Friday, February 12, 2010

The Crescendo on Concert Prices

Enjoy the $3 tickets for Owl City; tickets elsewhere will now become even more expensive.

For the past year, the Department of Justice and the Federal Trade Commission have been deliberating on the merger between Ticketmaster and Live Nation Entertainment. Ticketmaster already controls roughly 80 percent of all concert ticket sales - imagine if we add data from other events like sports or theater. This merger would give Ticketmaster a virtual monopoly on all aspects of music concerts and festivals.

Live Nation exclusively owns or operates 139 of the nation’s largest venues and promotes nearly 150 top musical artists. Since record sales are about half of what they were in 2000 and the vast majority of online music is stolen (according to The New Yorker), artists rely on performances as their primary stream of revenue. Live Nation and the very few other promoters gain little from actual ticket sales; on average, 90 percent of ticket sales go to the artist. Revenue for Live Nation primarily comes from ancillary services of a concert - namely parking, concessions and merchandise.

So when combined, Ticketmaster and Live Nation form a behemoth conglomeration that controls all aspects of the concert experience. A single authoritarian corporation providing the consumer with the performer, the venue, the parking, the food and drinks, the T-shirts, the posters, everything. Ticketmaster provides the last piece of the puzzle for Live Nation: Ticket sales.

The actions of Ticketmaster are what economists and businessmen call “vertical integration.” This is the process in which companies, consumers and suppliers will consolidate into a few or single entity, therefore controlling all aspects of an industry. This is a style of business that Ticketmaster has truly embraced. Before deciding to merge with Live Nation, Ticketmaster acquired Front Line Management - a promoting group that works with over 200 artists.

We should not be so comfortable with these business practices. As a Feb. 8 New York Times editorial points out, there are “perils that arise from the emergence of a company that will operate on every level of its business.”

Though this case of vertical integration doesn’t perfectly match the textbook definition of monopoly, the effects on the consumer are the same - exorbitant prices. There are crucial examples in other industries where anti-competitive business practices have strangled a market and led to increases in price.

In a similar antitrust case, the Supreme Court will review a case involving the National Football League; American sports leagues have always proved fickle for antitrust regulators. After the NFL licensed Reebok to make all team-branded clothing, “The Economist” reports that the price of team jerseys promptly rose 40 percent and, team hats rose 50 percent.

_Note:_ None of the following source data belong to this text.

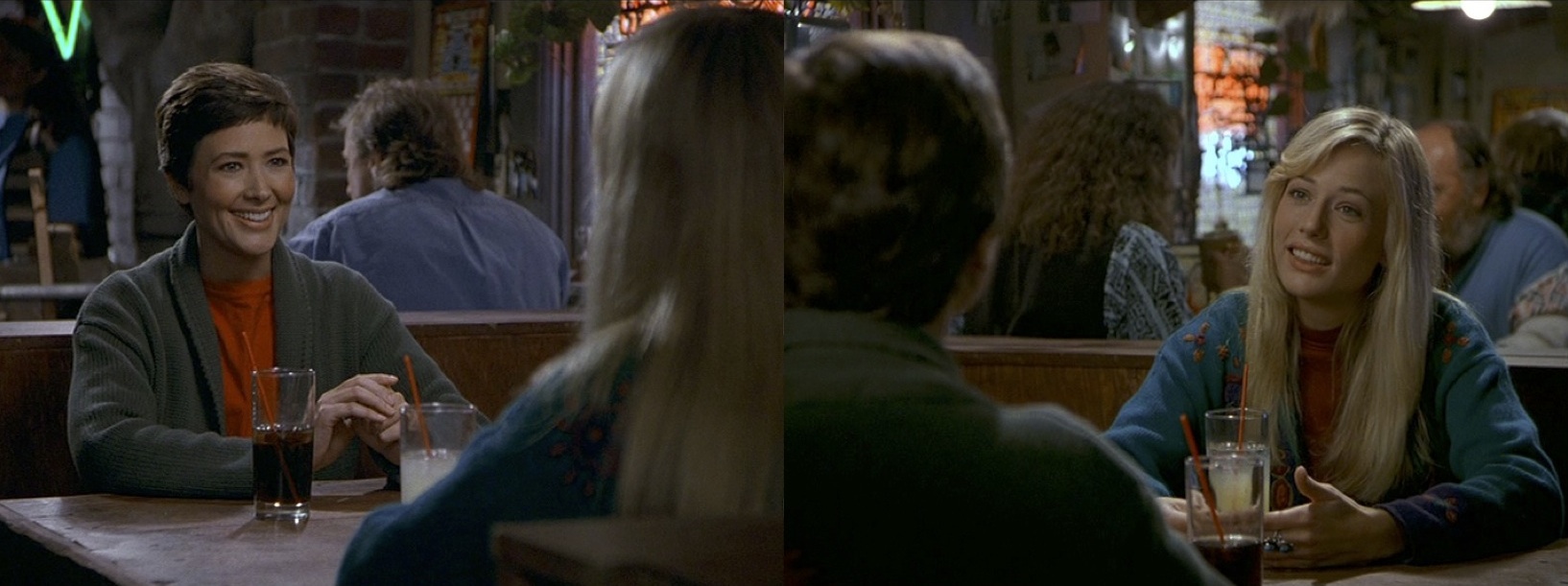 With the ghost of Rick between them, Maggie and Joanne seem complete opposite: blond and brunette, soft and hard, open and defensive, Opium and Caleche. However, visually they are linked: both are wearing red shirts and green cardigans (Joanne’s is greenish blue, at least).
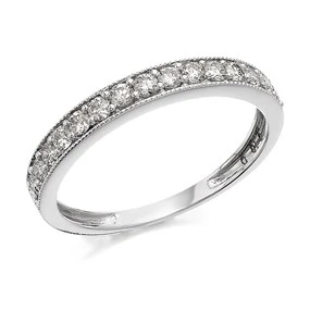 9ct White Gold Beaded Edge Diamond Half Eternity Ring - 40pts - D7275
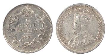 1921 5¢ ICCS EF40, well struck with some lustre, lightly toned. Rare and desirable.
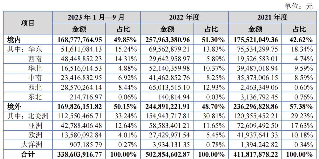 海外客户的收入分别为2.36亿元、2.45亿元和1.7亿元,占当期收入的57.38%、48.70%和50.15%,其海外客户主要分布在北美洲、亚洲及欧洲地区,其中北美洲占比最高。
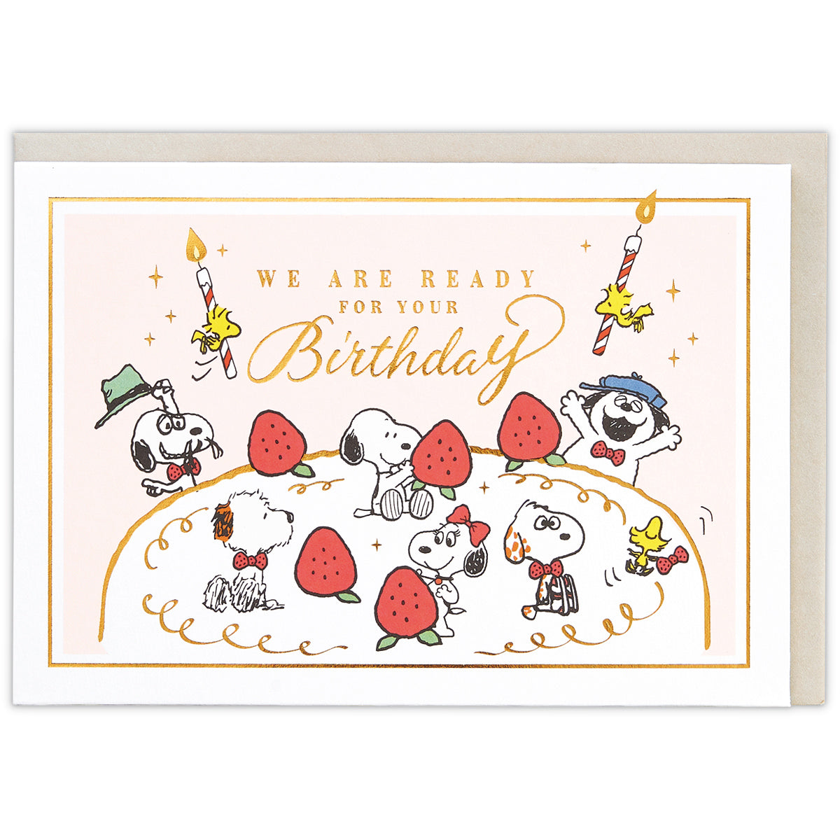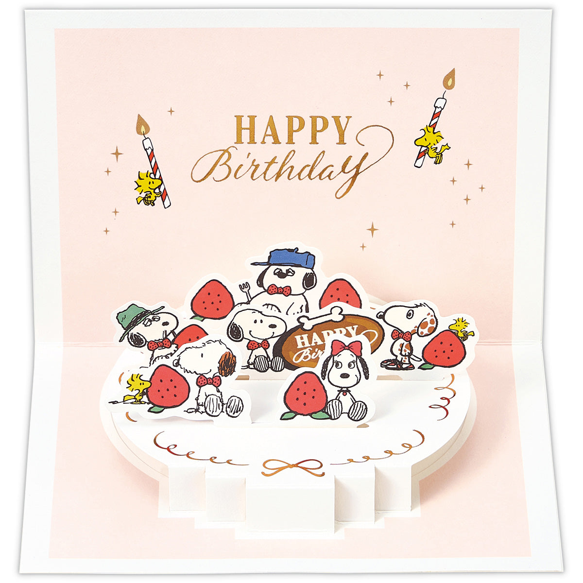 大きなホールケーキにちょこんと座るスヌーピーときょうだいが可愛らしいバースデーカード。ウッドストックもろうそくを抱えてお祝いに駆け付けます!
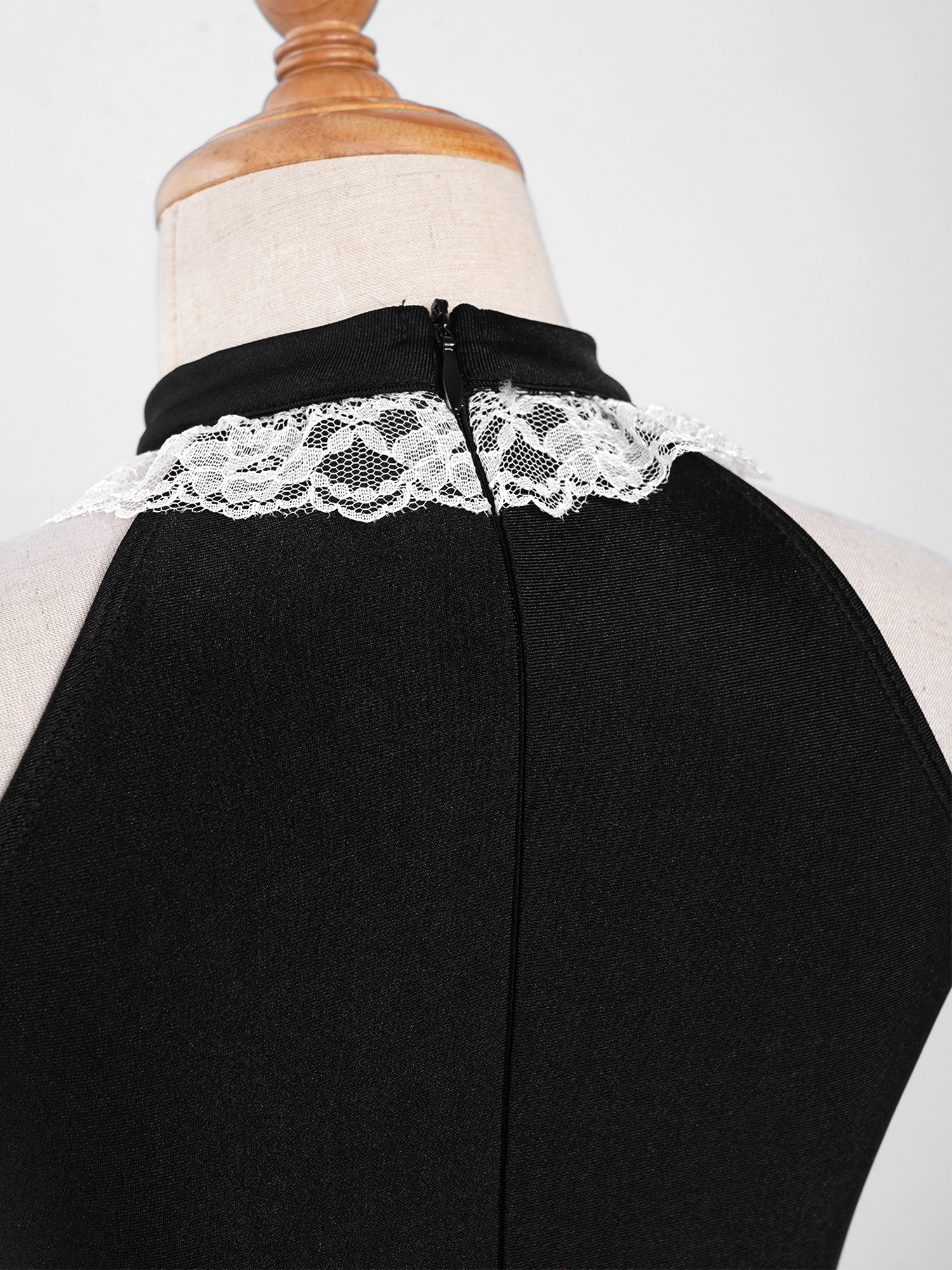 Платье без рукавов с круглым вырезом, невидимая застежка-молния сзади.
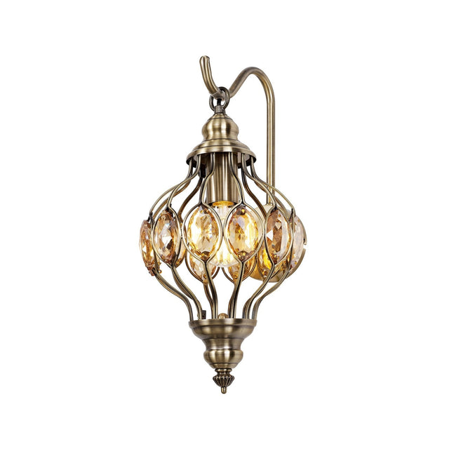 The Marisa 1 Light Amber Crystal Wall Light in antique brass brings exotic elegance to interior lighting. Inspired by Middle Eastern lantern designs, this fixture features a delicately woven antique brass frame surrounding stunning amber crystal leaves. The intricate metalwork extends seamlessly along the suspension chain, with alternating oval and waved links that enhance the lantern-inspired style. When illuminated, the amber crystal elements cast a warm, golden glow, creating an inviting and luxurious atmosphere. Perfect for bedrooms, hallways, or living rooms, the Marisa wall light makes a striking decorative statement while offering soft ambient illumination. Its combination of antique brass and rich amber crystal creates an opulent yet timeless feel that suits both traditional and eclectic interiors. Ideal for those who appreciate handcrafted detailing and distinctive character in their lighting, the Marisa range transforms any wall into an artistic focal point with warmth and sophistication.
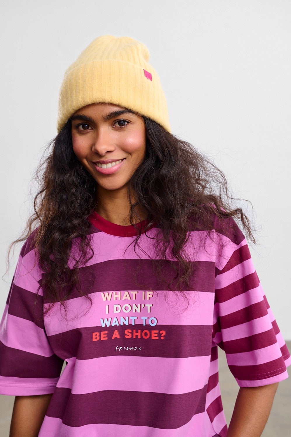 The No Shoe T-shirt is for women who value individuality. Purple stripes and red piping create a feminine yet expressive base. The front features the inscription: "WHAT IF I DON'T WANT TO BE A SHOE?", referencing Rachel's famous monologue.
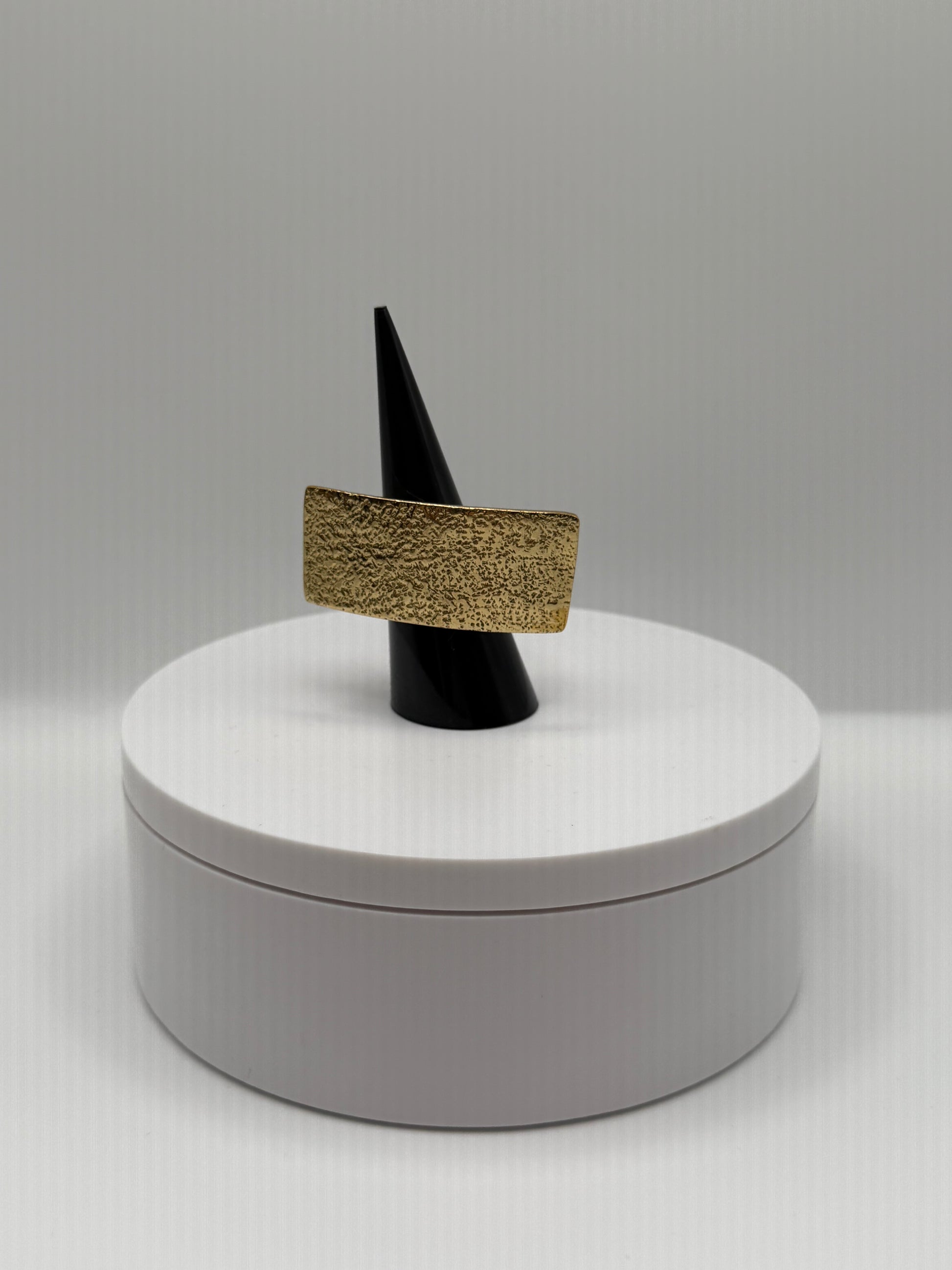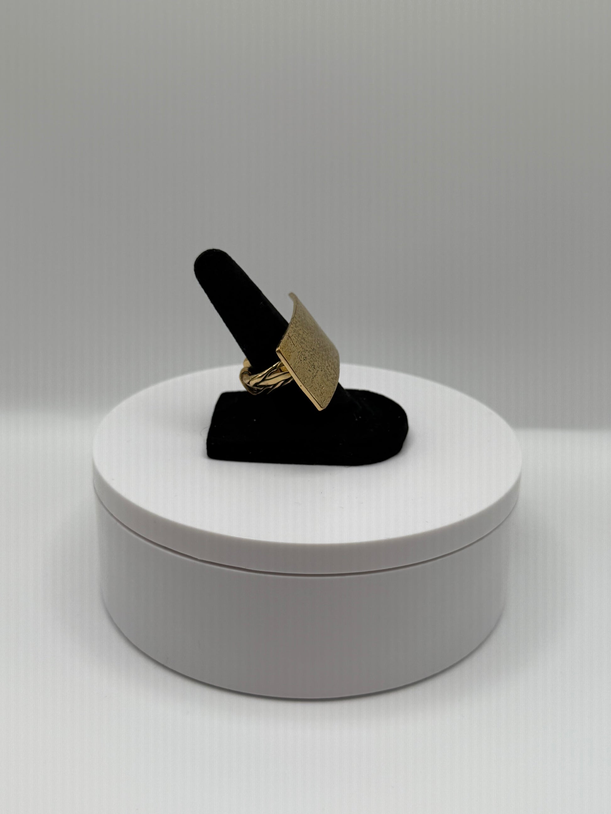 The Golden Horizon Ring features a wide, textured gold-toned plate that exudes timeless sophistication and bold design. Its striking rectangular surface reflects a rugged elegance, making it a perfect statement piece for any outfit. This ring is ideal for those who love unique, standout accessories that combine artistry and versatility.
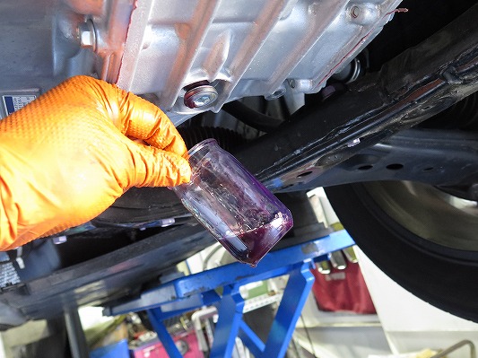 問題なしを確認後、リフトアップしてCVTFのサンプリングを行い、作業スタート。
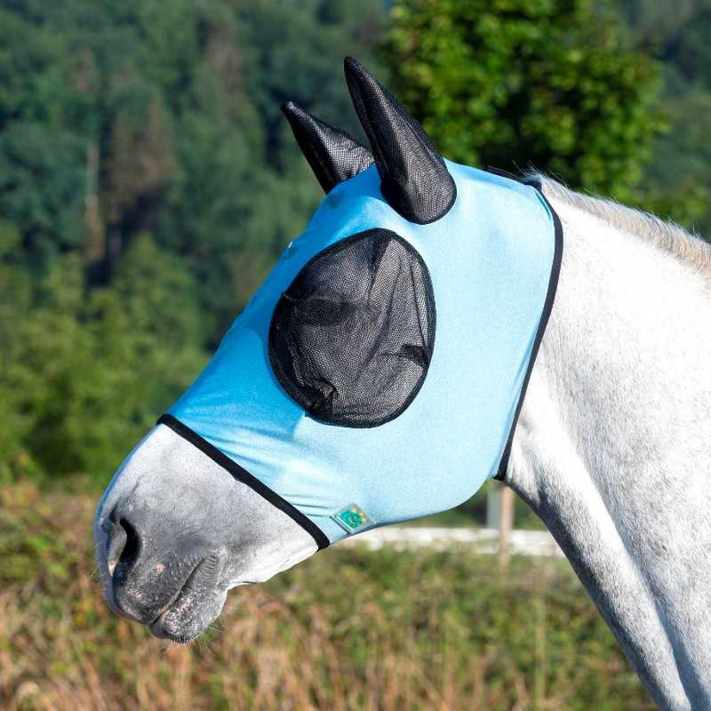 La máscara antimoscas elástica está hecha de un material ligero y elástico y tiene protección para las orejas hecha de tela de malla fina y resistente. Los ojos también están protegidos con esta malla agradable para la piel. Debido a su elasticidad, la máscara antimoscas tiene un ajuste óptimo, no pellizca y protege eficazmente contra las molestas moscas y otros insectos.
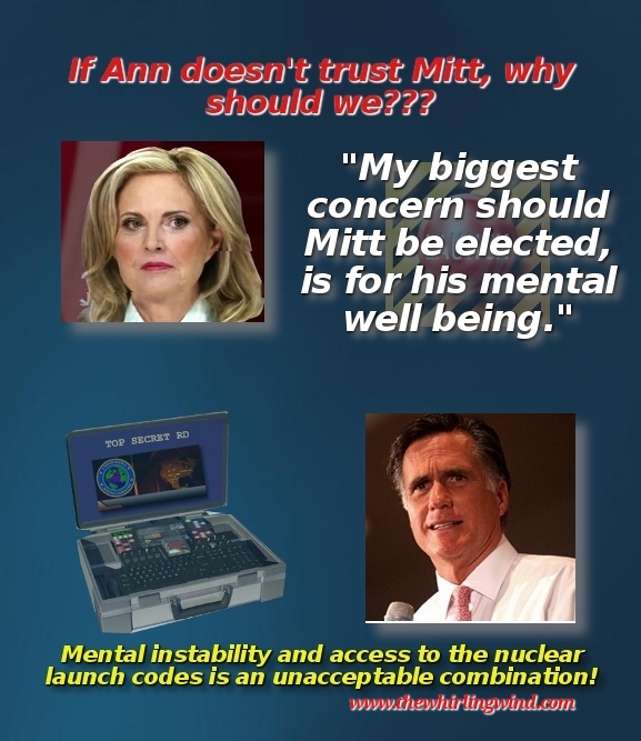 If Ann Romney is concerned, we should be too. The office of the Presidency of these United States is not some trophy you feel you’re owed. It is not the icing on the cake for an over padded résumé. You hold in your hands, not only the lives of every American, but the billions of lives around the globe. It would be nice to know that the person holding those lives, was a person who actually gave a damn! More importantly, it would be nice to know that their mental health was not in question and that their word actually meant something.
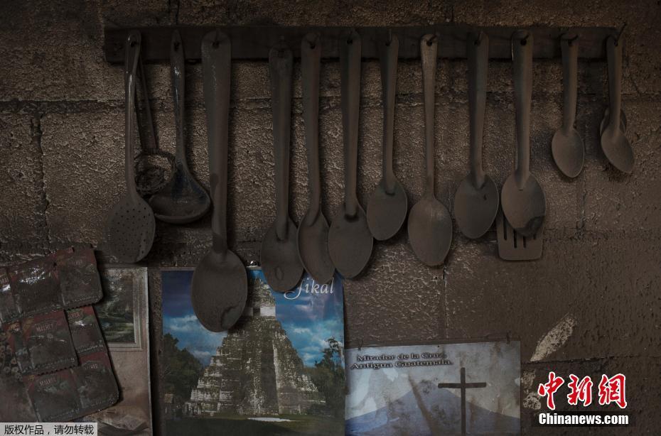 当地时间2018年6月8日-11日,危地马拉圣米格洛斯洛特斯村(San Miguel Los Lotes),曾经有住户的房屋如今被富埃戈火山喷发后的火山灰覆盖,生活戛然而止。火山于6月4日开始喷发,至今已有114人死亡。图为餐厅被富埃戈火山喷发的火山灰覆盖。
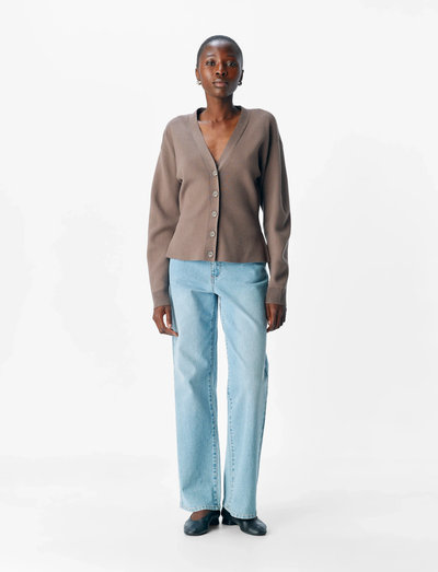 Featuring a V-neck and button fastening, this knit cardigan offers versatile styling options. Wear it buttoned up for a preppy look or open for a more relaxed feel. The volume sleeves add a touch of elegance to this slim-fit piece, making it a reliable choice for any season.
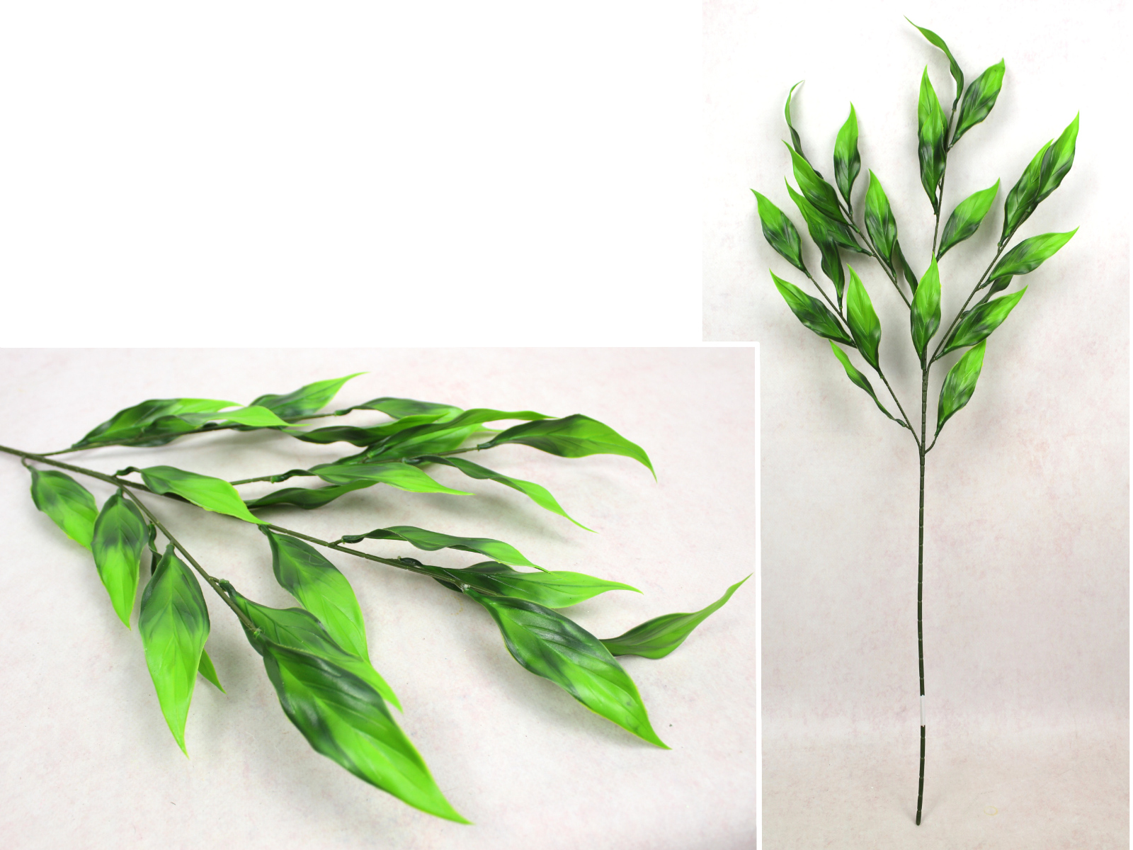 Gałązka RUSKUS silikonowa podłużne liście wys. 88 cm ZIELONY z jasnymi brzegami

Rival merchandiser to Reebok, American Needle filed an antitrust suit because they were getting squeezed out of their market. The NFL contends that they’re not a single entity but instead 32 separate clubs acting as one. Though licensing merchandise itself may not be an act of monopolization, the NFL has asked the Supreme Court to expand the ruling of previous courts to allow them to vertically integrate all aspects of their business.

The NFL scenario is one of many instances where anti-competitive behavior resulted in unnecessary price hikes. Our markets are rife with non-competitive business practices. For example, the health insurance industry is notorious for overwhelming market shares. To their credit, Republicans have been very critical of anti-competitive health insurance practices, arguing for legislation that would allow companies to sell insurance across state lines. According to the Center for American Progress, Blue Cross Blue Shield controls 83 percent of the market share in Alabama; the next largest competitor has only five percent. Maine, Rhode Island and Hawaii have companies that control over 78 percent of their respective market shares.

The price of health care is so extortionate that, according to a 2007 study by the “American Journal of Medicine,” nearly 70 percent of those who filed for medical bankruptcy were paying off insurance premiums.

In both of these cases - the NFL and health care - we can almost surely expect the result to be similar with the Ticketmaster and Live Nation consolidation.

The Federal Trade Commission and the Department of Justice are setting a dangerous precedent by allowing Ticketmaster and Live Nation to merge - even if they are just vertically integrating. Understandably, they do not have an easy decision to make, and the arguments in favor of vertical integration are strong ones. Though vertical integration can be seen as monopolistic behavior - like this writer contends - many proponents argue that it makes businesses more efficient and it keeps costs down. The result, they claim, will be lower prices for the consumer. I would only point to the two previous cases where, clearly, this result did not happen.

Besides, it is not the place of the government to protect the business practices of corporations; instead, government must protect the interests and general welfare of its people - we the consumers. Rising ticket prices, and the slew of fees that come with buying them through Ticketmaster, will ultimately make music more exclusive. This exclusivity will only perpetuate the existing problem of music piracy, as consumers will feel the pressure to find the music they enjoy as cheap as possible.

In its already desperate and fragile health, the music industry, specifically the realm of live performance, has taken a huge blow. Congress should challenge these anticompetitive practices of Ticketmaster and Live Nation to preserve the sanctity of music for the fans - as I hope it would in all cases of noncompetition in all industries.